**EXERCISE DETAILS:**
Only the lines from the start of the entries through the line with "A group of preteens" should be returned, each exactly as it stands, and no pictures.

Records from a dataset
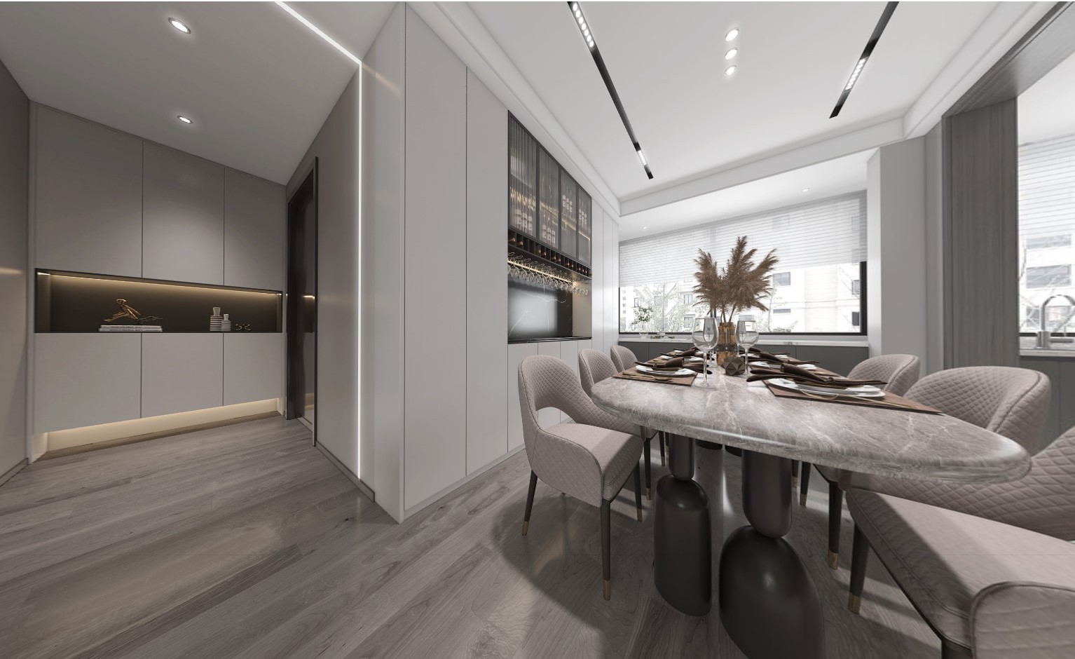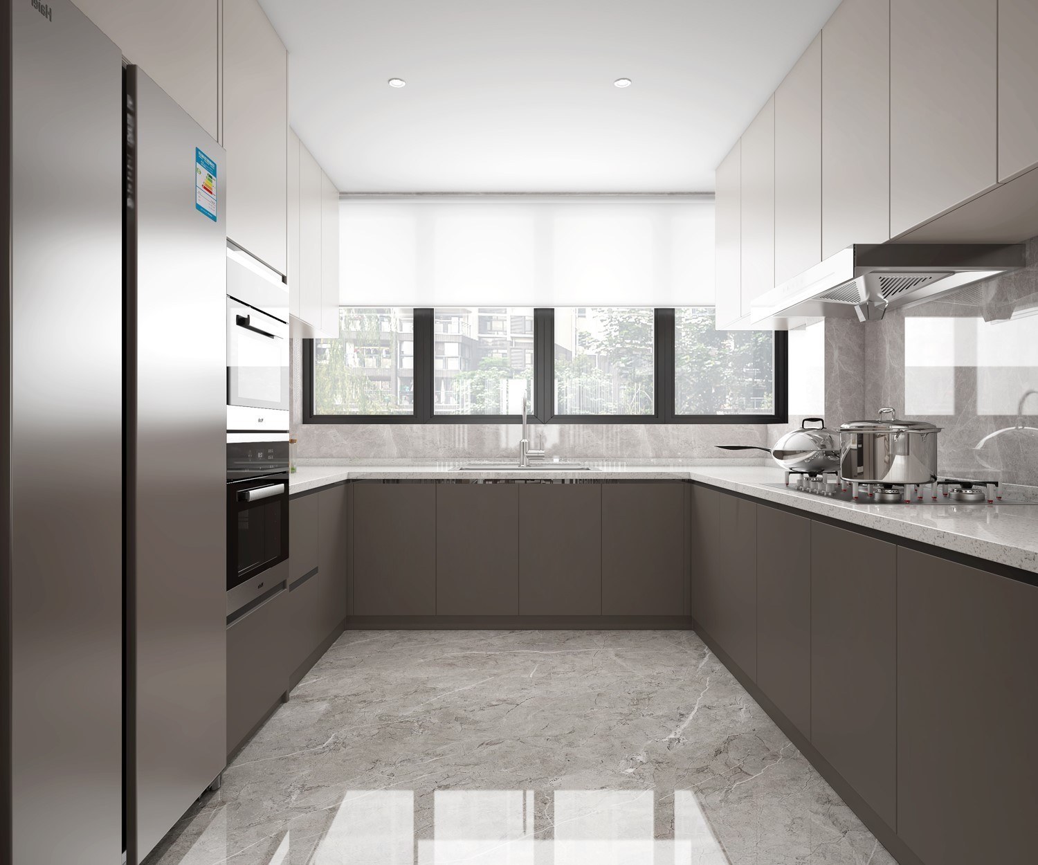 厨房,通过采用地面瓷砖的通铺,增强厨房的空间感,电器立柜的设计,增大储物空间
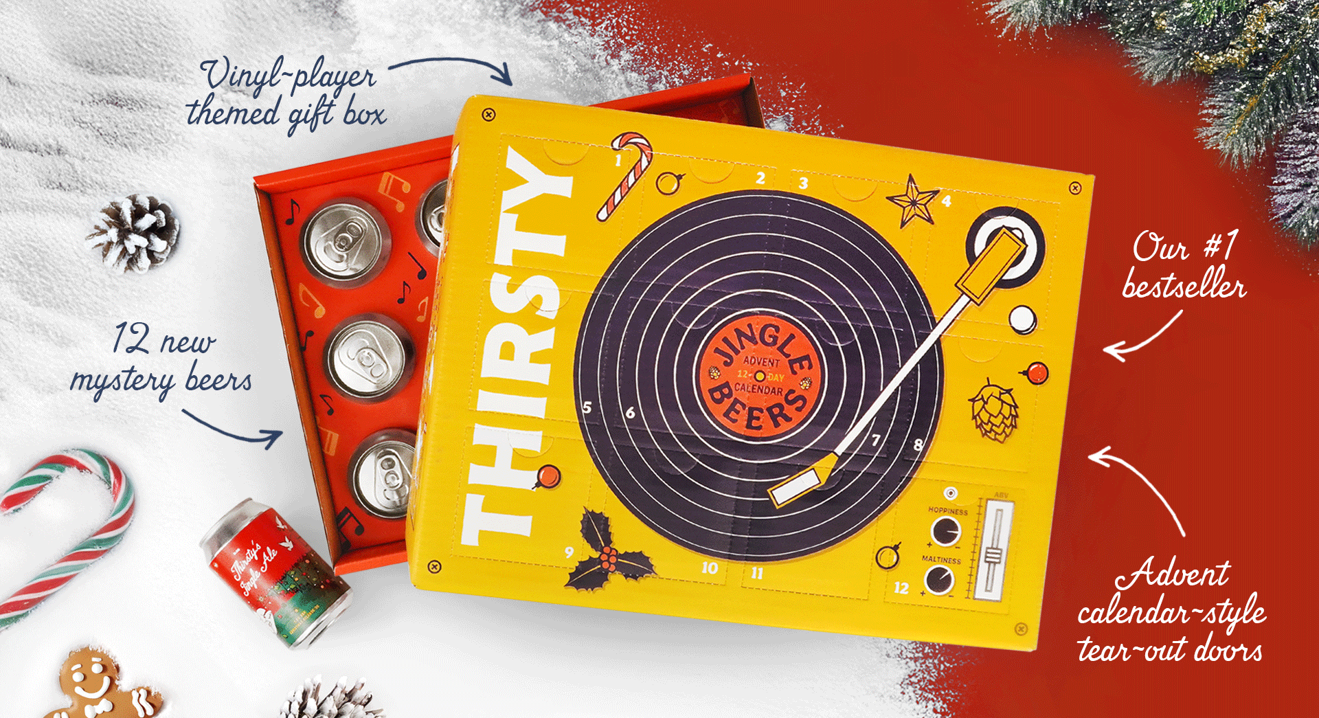 Thirsty’s bestselling Christmas gift box is back for its 11th edition — and it’s ready for same-day delivery! Our elves have packed every box, and this year’s 12‑Day Advent Calendar is filled with a dozen all‑new and exclusive craft beers, each hidden behind the perforated doors of our iconic vinyl‑player–themed gift box. Stocks are limited, so don’t wait!
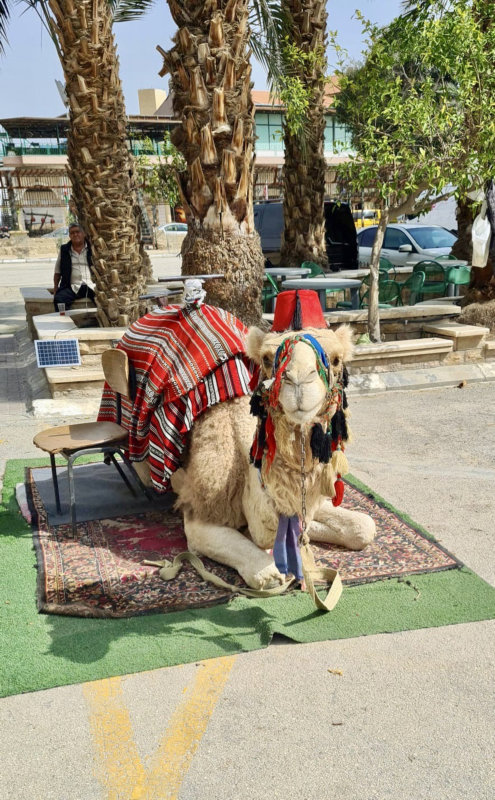 Dressed Camel, you will see or even ride some of those in the Holy Land
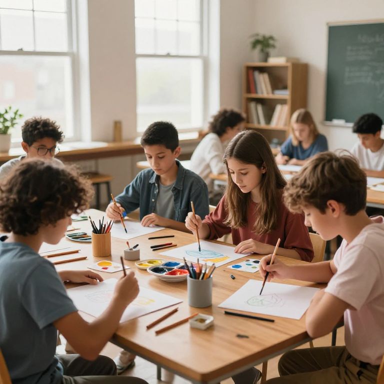 A group of preteens in a cozy modern classroom, engaged in a creative art project with paints and brushes, natural light streaming through large windows, showcasing diversity and collaboration in a warm, inviting atmosphere
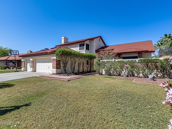 Charming Glendale home in the ideally located + central to everything Brandywyne neighborhood with no HOA! Lush green grass and red brick curb appeal with a 3-car garage and RV gate + parking! A spacious great room with tons of natural light greets you as you enter the home. The kitchen features granite countertops with white cabinets and stainless steel appliances. With the primary suite downstairs, it's split from the rest of the bedrooms upstairs. Additionally, this home features a versatile den (with a fireplace) AND loft! In the backyard, there's a large covered patio, lush green grass, and a gated pool - perfect for our AZ summers!
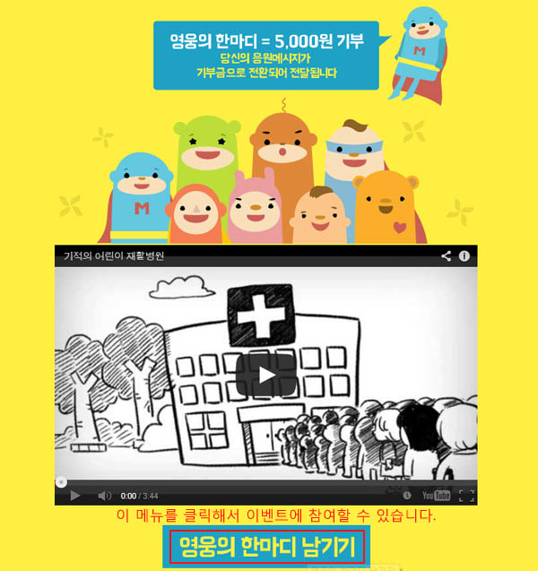 ...com/miraclehospital)을 통해 기적의 Like(좋아요) 캠페인에 동창해 응원 댓글 1개당 5천원의 기부금을 조성해 푸르메재단에 전달한다고 26일 밝혔다. 이번 캠페인은 시민들에게 어린이만을 위한 전문재활병원의 필요성을 보다 친근하게 알리고 작은 참여를 통해 병원 건립

**ANSWER FOR THE TASK:**
 厨房,通过采用地面瓷砖的通铺,增强厨房的空间感,电器立柜的设计,增大储物空间
 Thirsty’s bestselling Christmas gift box is back for its 11th edition — and it’s ready for same-day delivery! Our elves have packed every box, and this year’s 12‑Day Advent Calendar is filled with a dozen all‑new and exclusive craft beers, each hidden behind the perforated doors of our iconic vinyl‑player–themed gift box. Stocks are limited, so don’t wait!
 Dressed Camel, you will see or even ride some of those in the Holy Land
 A group of preteens in a cozy modern classroom, engaged in a creative art project with paints and brushes, natural light streaming through large windows, showcasing diversity and collaboration in a warm, inviting atmosphere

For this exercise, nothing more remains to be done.